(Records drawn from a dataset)
━━━━━━━━━━━━━━━━━━━━

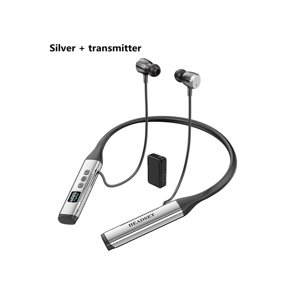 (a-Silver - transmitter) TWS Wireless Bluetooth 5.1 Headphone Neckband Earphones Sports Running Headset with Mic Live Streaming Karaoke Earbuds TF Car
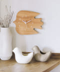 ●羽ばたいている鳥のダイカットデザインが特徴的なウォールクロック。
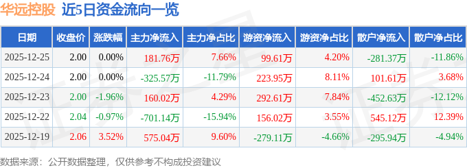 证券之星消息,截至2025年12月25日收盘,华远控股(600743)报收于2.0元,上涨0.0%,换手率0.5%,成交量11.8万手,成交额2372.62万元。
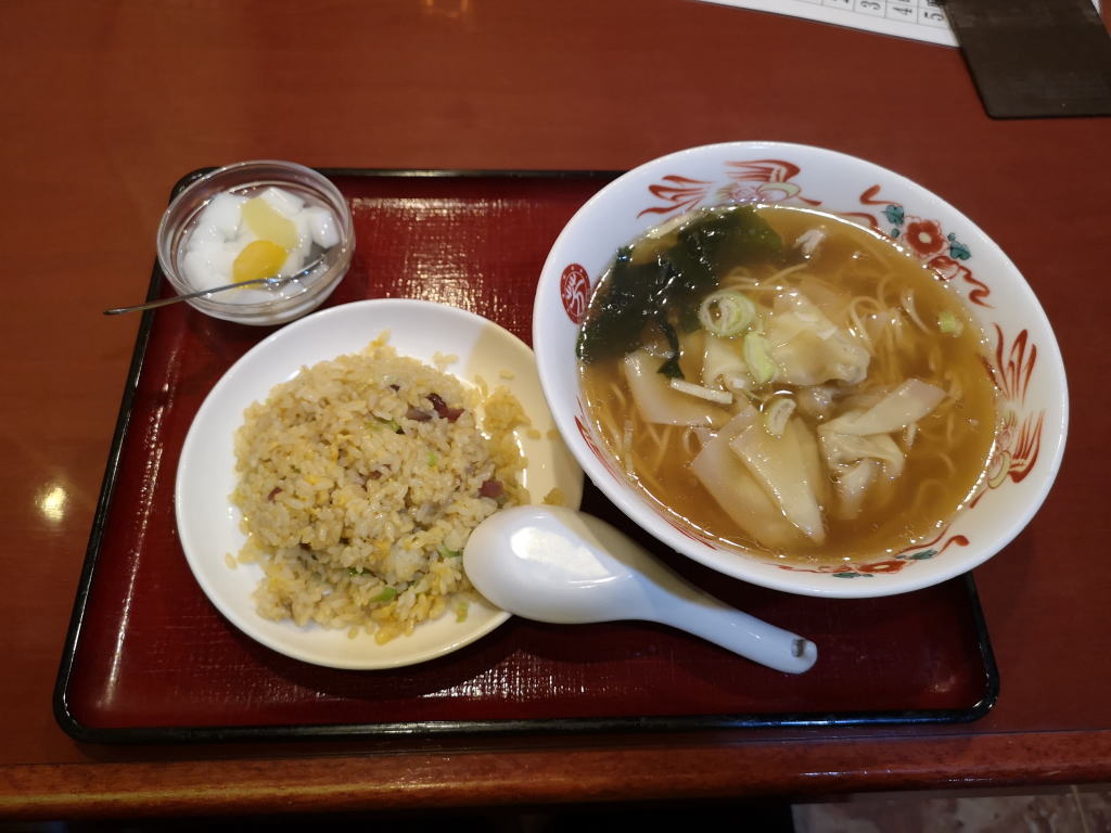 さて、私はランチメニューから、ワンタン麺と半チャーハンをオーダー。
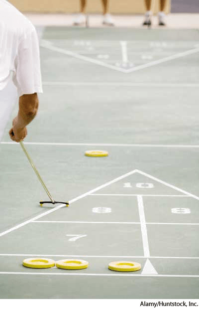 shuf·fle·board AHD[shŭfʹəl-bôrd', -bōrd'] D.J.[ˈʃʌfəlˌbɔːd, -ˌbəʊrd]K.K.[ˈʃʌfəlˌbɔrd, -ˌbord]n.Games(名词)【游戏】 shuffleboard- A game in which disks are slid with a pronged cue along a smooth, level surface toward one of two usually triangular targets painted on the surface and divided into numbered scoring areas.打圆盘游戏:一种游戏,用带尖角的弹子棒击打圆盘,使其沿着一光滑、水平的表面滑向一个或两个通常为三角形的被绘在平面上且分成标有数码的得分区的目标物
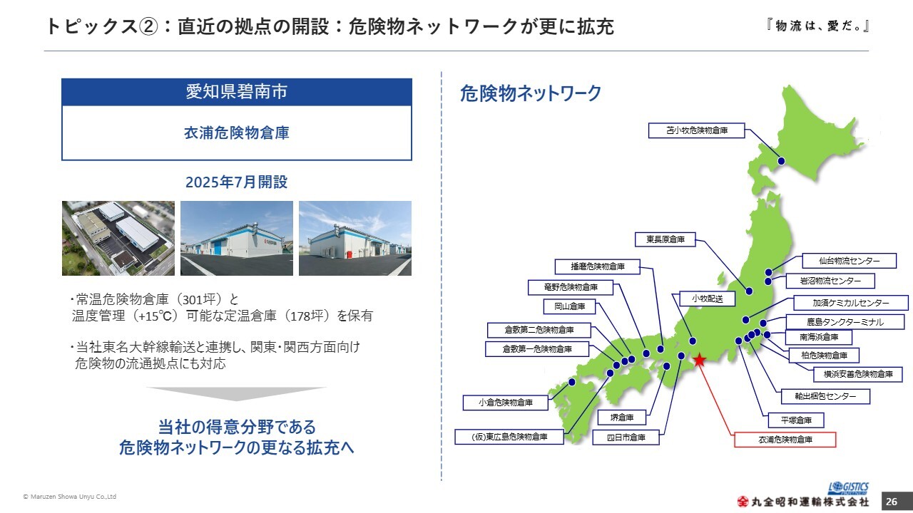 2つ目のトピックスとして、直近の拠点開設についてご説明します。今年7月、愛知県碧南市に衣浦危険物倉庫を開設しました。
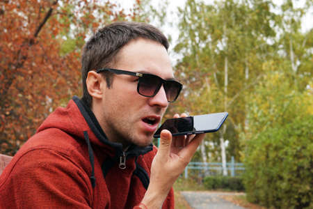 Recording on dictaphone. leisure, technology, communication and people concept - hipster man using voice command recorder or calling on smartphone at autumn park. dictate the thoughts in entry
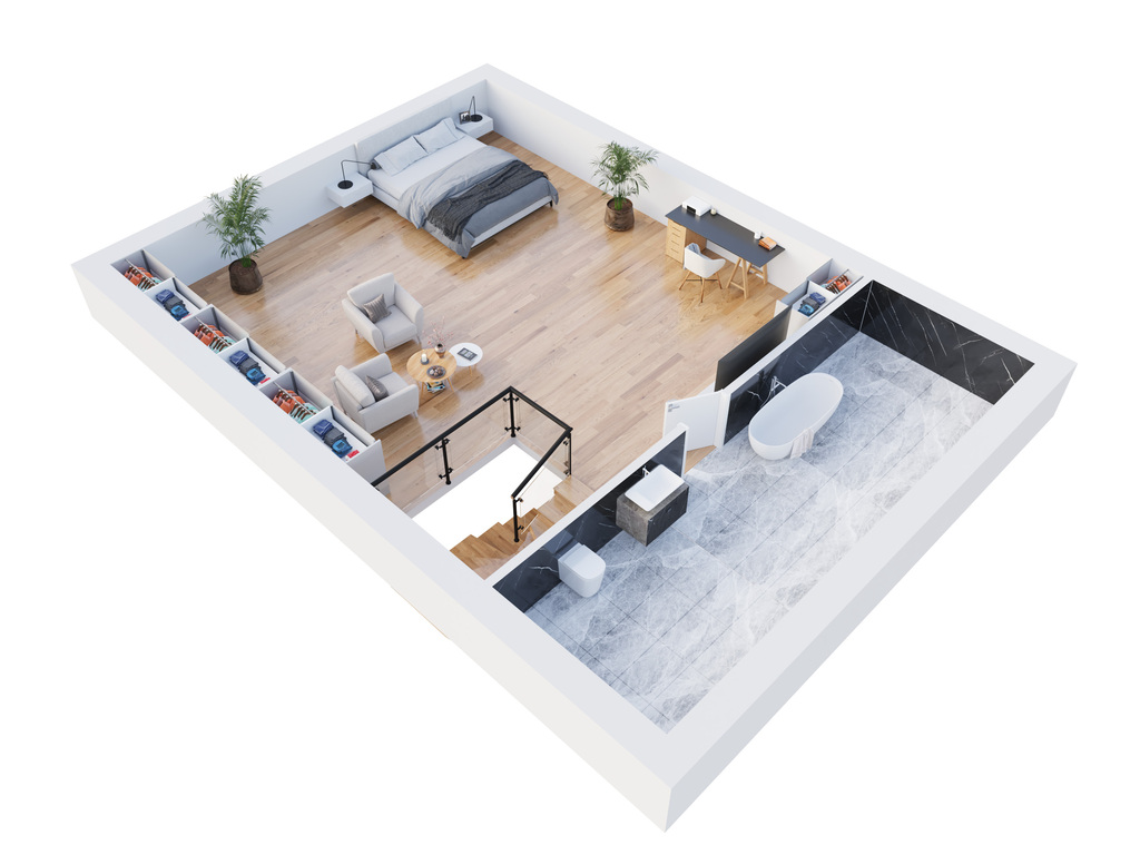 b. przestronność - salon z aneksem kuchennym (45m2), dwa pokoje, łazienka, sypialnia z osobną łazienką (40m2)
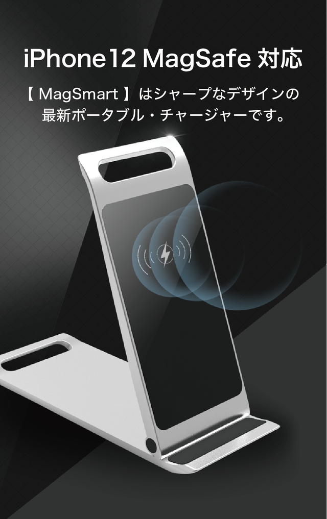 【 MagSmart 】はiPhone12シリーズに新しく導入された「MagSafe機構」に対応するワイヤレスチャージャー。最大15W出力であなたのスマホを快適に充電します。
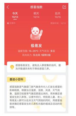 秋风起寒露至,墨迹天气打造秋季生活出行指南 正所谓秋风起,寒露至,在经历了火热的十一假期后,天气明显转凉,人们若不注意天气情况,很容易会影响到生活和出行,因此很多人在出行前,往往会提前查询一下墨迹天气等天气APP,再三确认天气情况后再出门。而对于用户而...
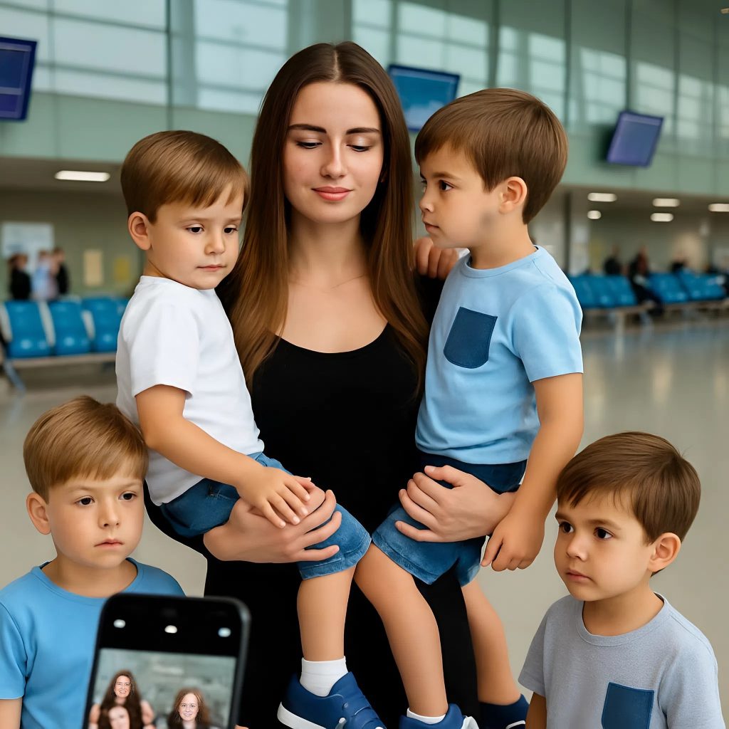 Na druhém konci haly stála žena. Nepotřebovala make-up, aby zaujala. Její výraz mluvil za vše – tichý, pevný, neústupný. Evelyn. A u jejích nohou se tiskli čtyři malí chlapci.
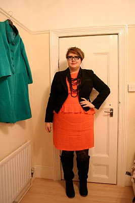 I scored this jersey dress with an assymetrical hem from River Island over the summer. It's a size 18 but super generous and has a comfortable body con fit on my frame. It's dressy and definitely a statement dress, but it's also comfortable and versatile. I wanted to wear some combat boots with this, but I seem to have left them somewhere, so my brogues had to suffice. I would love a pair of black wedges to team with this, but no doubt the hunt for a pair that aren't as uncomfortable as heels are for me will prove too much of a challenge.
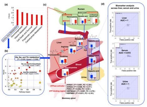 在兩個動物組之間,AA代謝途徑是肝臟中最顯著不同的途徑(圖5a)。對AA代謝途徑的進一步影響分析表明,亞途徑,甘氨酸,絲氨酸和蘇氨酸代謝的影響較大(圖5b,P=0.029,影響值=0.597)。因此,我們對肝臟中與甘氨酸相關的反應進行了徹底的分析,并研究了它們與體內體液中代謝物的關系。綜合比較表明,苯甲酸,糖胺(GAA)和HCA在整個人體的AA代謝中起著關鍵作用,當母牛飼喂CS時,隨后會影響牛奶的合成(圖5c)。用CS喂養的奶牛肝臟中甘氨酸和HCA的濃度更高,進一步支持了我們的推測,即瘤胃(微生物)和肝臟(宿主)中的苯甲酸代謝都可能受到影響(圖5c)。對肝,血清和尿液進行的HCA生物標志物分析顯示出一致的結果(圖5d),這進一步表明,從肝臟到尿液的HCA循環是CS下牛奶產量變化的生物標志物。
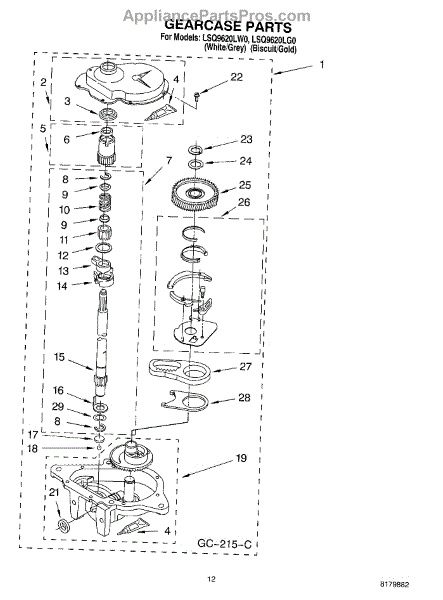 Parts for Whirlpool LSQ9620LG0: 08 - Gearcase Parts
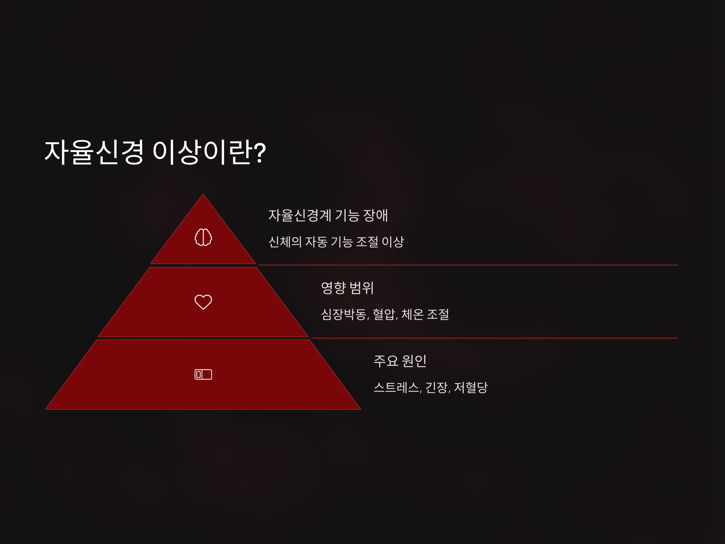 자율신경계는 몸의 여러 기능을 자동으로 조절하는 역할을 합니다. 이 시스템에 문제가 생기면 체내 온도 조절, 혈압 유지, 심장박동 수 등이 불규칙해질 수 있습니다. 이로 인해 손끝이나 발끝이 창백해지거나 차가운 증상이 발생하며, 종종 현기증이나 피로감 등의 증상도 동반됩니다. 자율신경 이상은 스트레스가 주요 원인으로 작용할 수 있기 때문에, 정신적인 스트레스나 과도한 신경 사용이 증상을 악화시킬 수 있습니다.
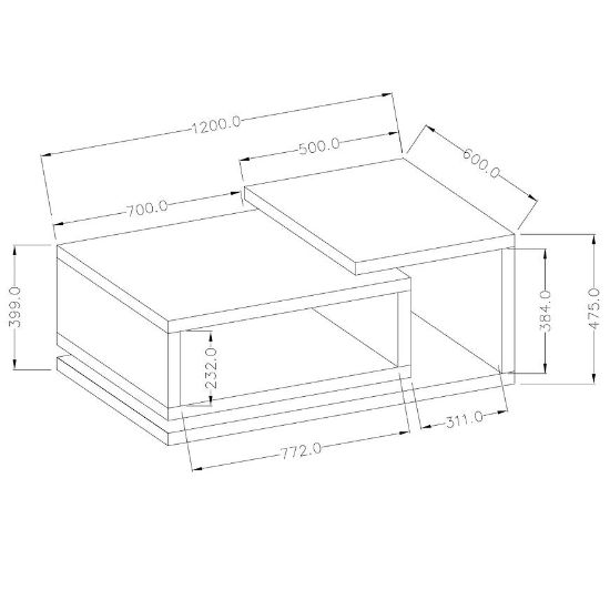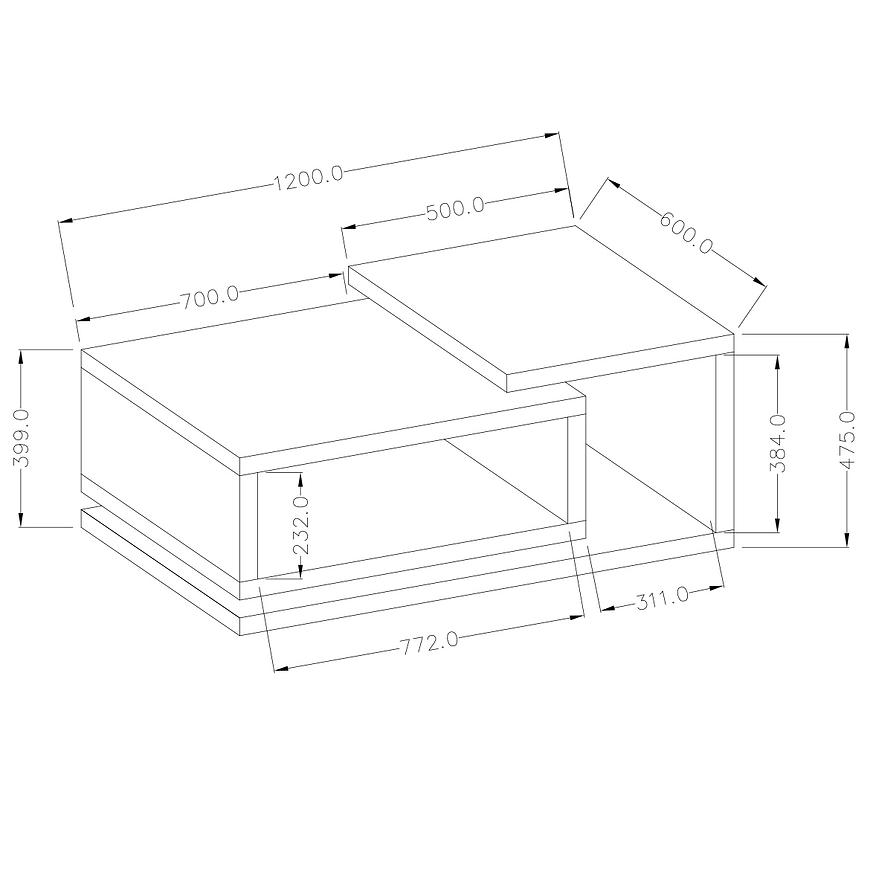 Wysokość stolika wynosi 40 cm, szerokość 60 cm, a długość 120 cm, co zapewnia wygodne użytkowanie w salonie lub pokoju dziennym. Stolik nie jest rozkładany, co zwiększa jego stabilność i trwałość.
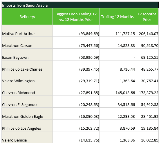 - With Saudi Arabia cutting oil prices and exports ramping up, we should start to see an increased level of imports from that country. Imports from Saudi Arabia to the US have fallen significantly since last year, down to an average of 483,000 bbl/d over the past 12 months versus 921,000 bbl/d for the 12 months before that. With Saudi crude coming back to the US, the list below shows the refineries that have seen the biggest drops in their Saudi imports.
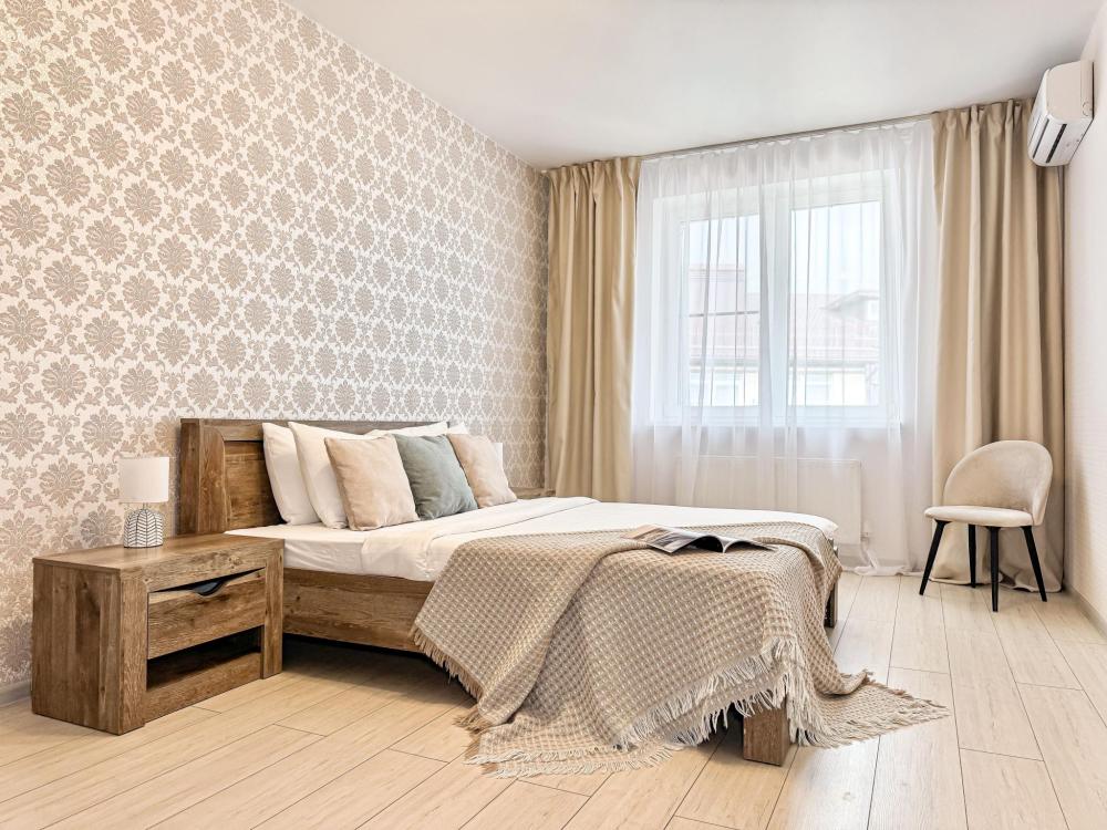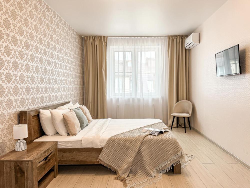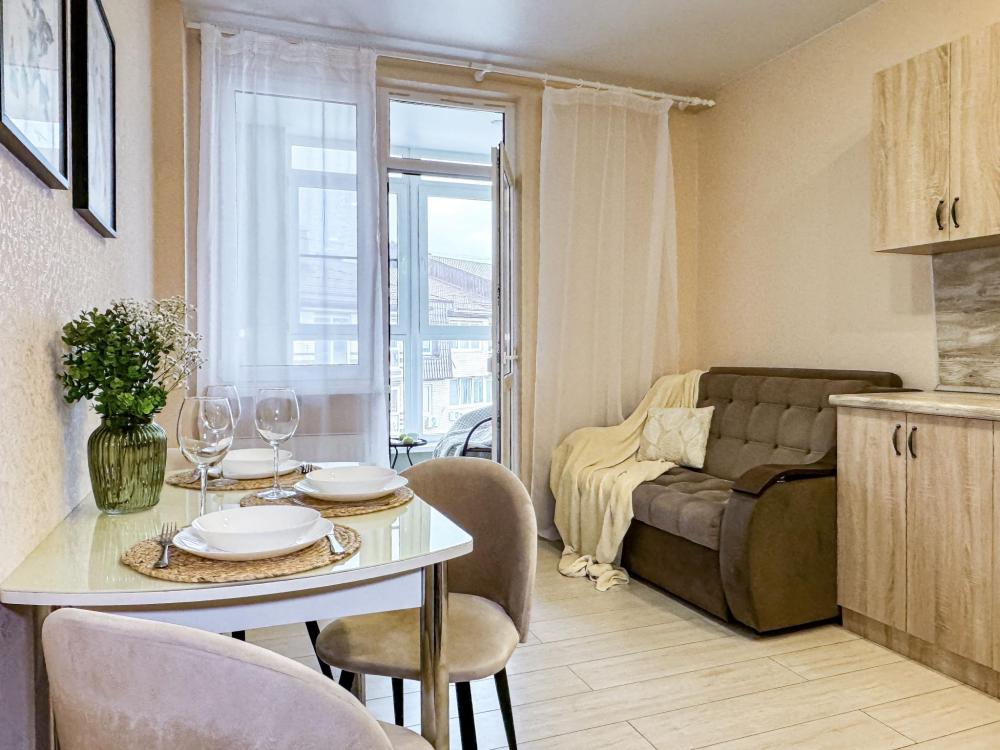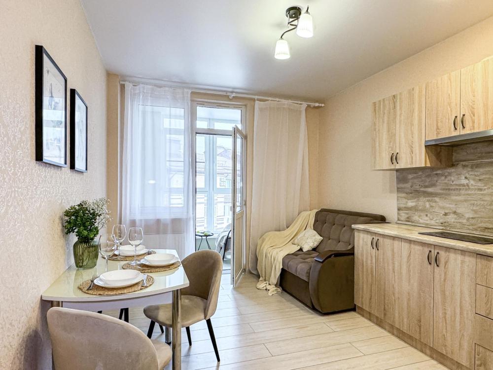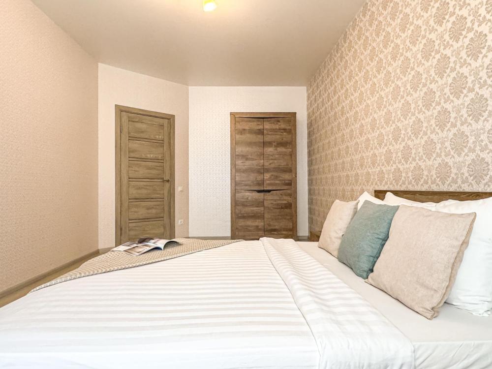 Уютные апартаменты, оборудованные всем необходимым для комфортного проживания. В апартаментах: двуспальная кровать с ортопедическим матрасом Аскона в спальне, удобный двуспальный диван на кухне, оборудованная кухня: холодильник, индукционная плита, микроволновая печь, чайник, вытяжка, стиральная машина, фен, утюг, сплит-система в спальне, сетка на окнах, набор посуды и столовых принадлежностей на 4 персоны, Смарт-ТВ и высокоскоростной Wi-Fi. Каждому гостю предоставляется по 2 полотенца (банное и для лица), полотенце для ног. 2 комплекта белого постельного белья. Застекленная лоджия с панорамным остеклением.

━━━━━━━━━━━━━━━━━━━━

◆ Exercise prompt
Working from the data above, repeat exactly, and only, the lines that begin at the line containing "Wysokość stolika wynosi" and stop after the line containing "- With Saudi"; pictures are not copied.

◆ Task result
 Wysokość stolika wynosi 40 cm, szerokość 60 cm, a długość 120 cm, co zapewnia wygodne użytkowanie w salonie lub pokoju dziennym. Stolik nie jest rozkładany, co zwiększa jego stabilność i trwałość.
 - With Saudi Arabia cutting oil prices and exports ramping up, we should start to see an increased level of imports from that country. Imports from Saudi Arabia to the US have fallen significantly since last year, down to an average of 483,000 bbl/d over the past 12 months versus 921,000 bbl/d for the 12 months before that. With Saudi crude coming back to the US, the list below shows the refineries that have seen the biggest drops in their Saudi imports.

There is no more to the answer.